Dexter has traveled a long way from being the apathetic kid who dragged his feet through school. To accept the Fulbright to study in Switzerland, he also had to earn the Swiss Government Excellence Scholarship for Foreign Scholars.

Buoyed by resources and support structure

“If I had set out on this path when I was 18, it would have been a disaster,” Dexter said in an interview at the environmental science aquatic ecology laboratory at WSU Vancouver.

Eric Dexter
Eric Dexter

Surrounded by shelves of aquatic specimens floating in jars of preservative, Dexter spends hours identifying and photographing invasive plankton under a microscope and sketching them in his field journals. About once a month, he gathers collection nets and measuring equipment and travels to four points on the banks of the Columbia River—from Vancouver to the mouth of the river—to collect plankton.

Dexter is quick to point out that he had to learn how to be a student.

Biology is “the only thing I’ve taken more classes in than how to go to school,” Dexter said. “Everything I’ve done is because of a huge support structure. I wouldn’t have received the Fulbright without help from other people…. The only reason I’ve done well is I’ve been able to plug into resources, small groups.”

The end of dead-end jobs

After high school, Dexter worked a series of dead-end jobs and played music. Eventually, he became a massage therapist. At age 25, he enrolled at Portland Community College to become an acupuncturist, which required a degree in biology.
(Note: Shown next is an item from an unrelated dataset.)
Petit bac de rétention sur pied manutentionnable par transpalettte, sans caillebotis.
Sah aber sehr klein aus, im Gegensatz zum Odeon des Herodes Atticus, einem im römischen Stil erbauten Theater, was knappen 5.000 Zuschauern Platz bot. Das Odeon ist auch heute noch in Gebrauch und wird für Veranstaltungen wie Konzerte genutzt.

With his biology teacher’s encouragement, he applied for a paid summer internship studying invasive honeybees in Ghana through the National Science Foundation. Although he said he wasn’t qualified for the internship, he wrote on his application that he could produce a short documentary about the project.

"The only reason I've done well is I've been able to plug into resources." -- Eric Dexter

He received the internship and left for Ghana on his first trip outside the United States, then immediately became ill with a nasty bug that put him in the hospital for a week.
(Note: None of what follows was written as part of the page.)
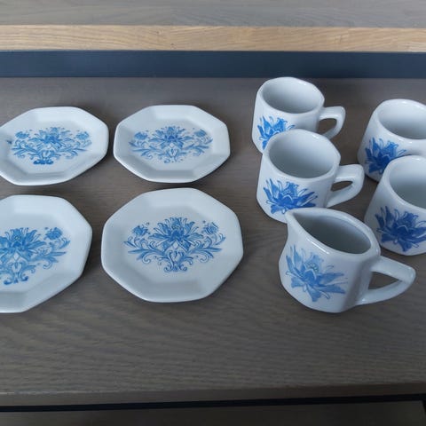 Teservise i blått og hvitt porselen med kopper, skåler og fat.
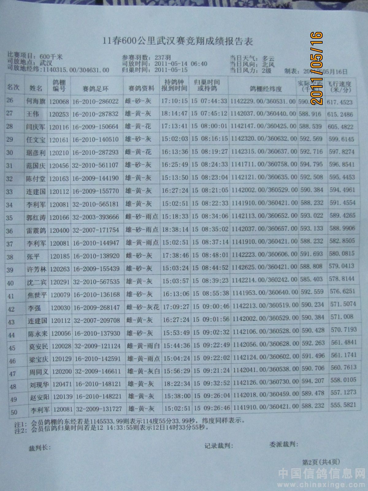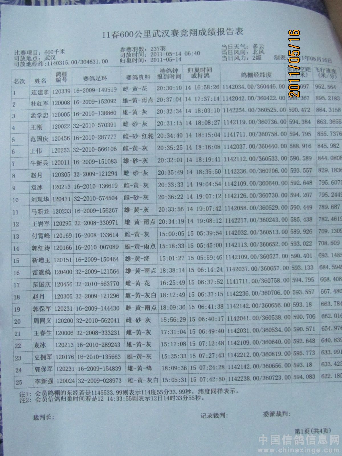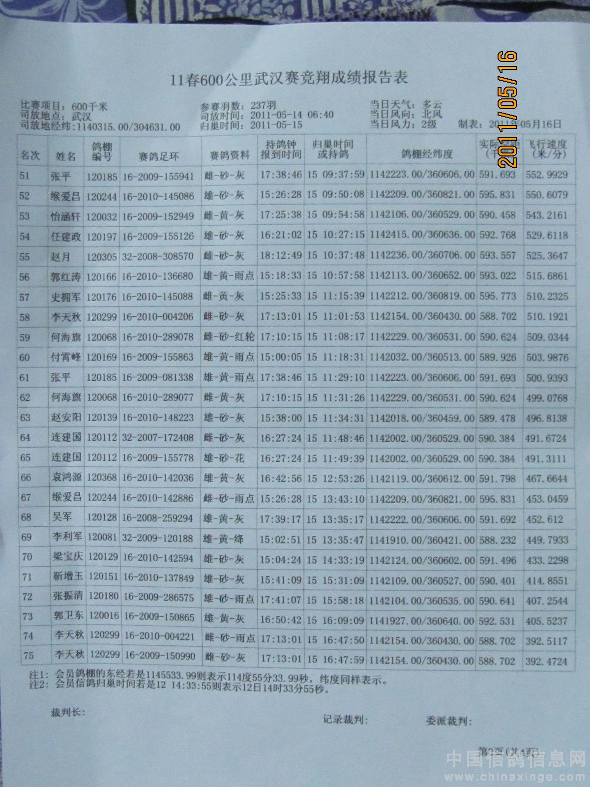 500公里大悟站前十名验鸽(1-2)

“I was not a great traveler,” Dexter said. “But that experience in Ghana changed my career path. I’ve been doing research ever since.”

He completed his bachelor of science in biology, but refocused his goal from acupuncture to environmental science and aquatic species.
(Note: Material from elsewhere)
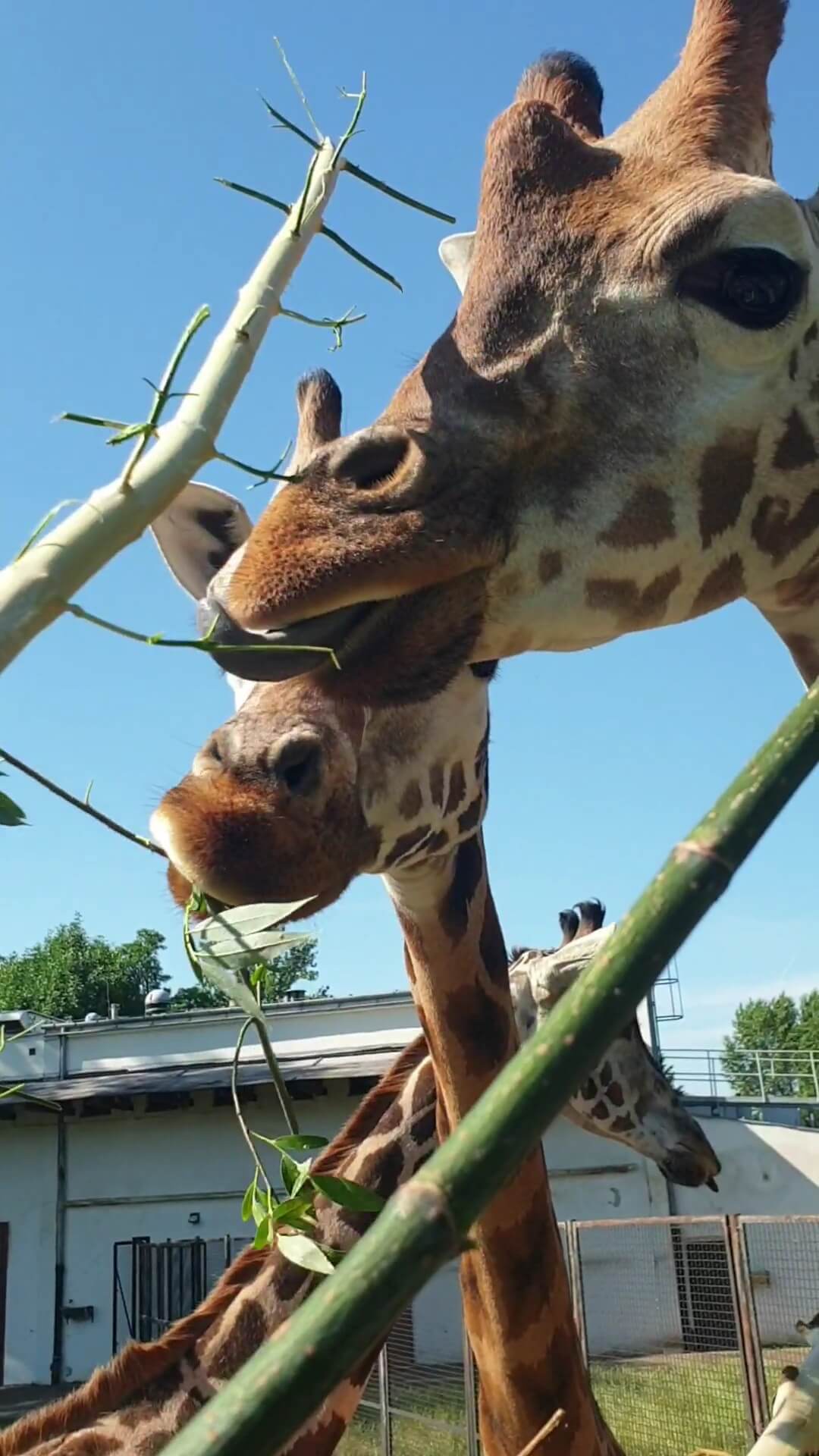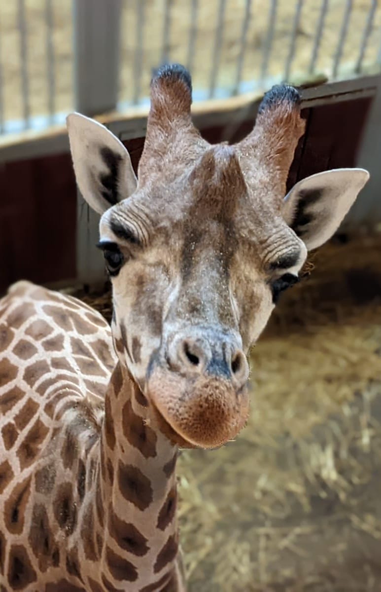 Żyrafy mają sympatyczne pyszczki i powłóczyste spojrzenia spod długich rzęs. Na ich głowach wyrasta kilka charakterystycznych wyrostków kostnych, które samcom służą niekiedy do walk.’

He realized he’s good at school, at research, and at international collaboration. He has studied colonial tunicates, another small sea creature, in San Francisco Bay. In Bermuda, he did coral reef research, studying ocean acidification, a result of burning fossil fuels.

When it came time for graduate school, he chose WSU Vancouver so he could study invasive species in the Columbia River ecosystem. In May, he received his master’s degree, and began working toward his PhD.

His doctoral work will broaden his study of invasive species in the Columbia River ecosystem between Puget Sound and San Francisco.

At WSU Vancouver, Dexter works with Steve Bollens, director and professor of the School of the Environment, and Gretchen Rollwagen-Bollens, associate clinical professor.

Far-reaching research

“Eric’s proposed research in Switzerland will benefit both his own career and the larger scientific community,” Bollens said. “He also has the maturity, poise, and integrity to be an outstanding ambassador for the United States and to foster mutual respect and common understanding across cultures.”

In Lausanne, Dexter will work in scientific laboratories at Lake Geneva, one of the largest lakes of Western Europe, learning new genetic techniques for reconstructing the origins and spread of aquatic invasions and developing “a more nuanced approach to understanding how aquatic species get around,” he said.

During his nine months abroad, Dexter plans to connect with other researchers and attend an oceanography conference in Grenada, Spain. He will also serve as a cultural ambassador, talking about his research and the Fulbright Scholar program. Begun in 1948, it is the United States’ flagship international educational exchange program.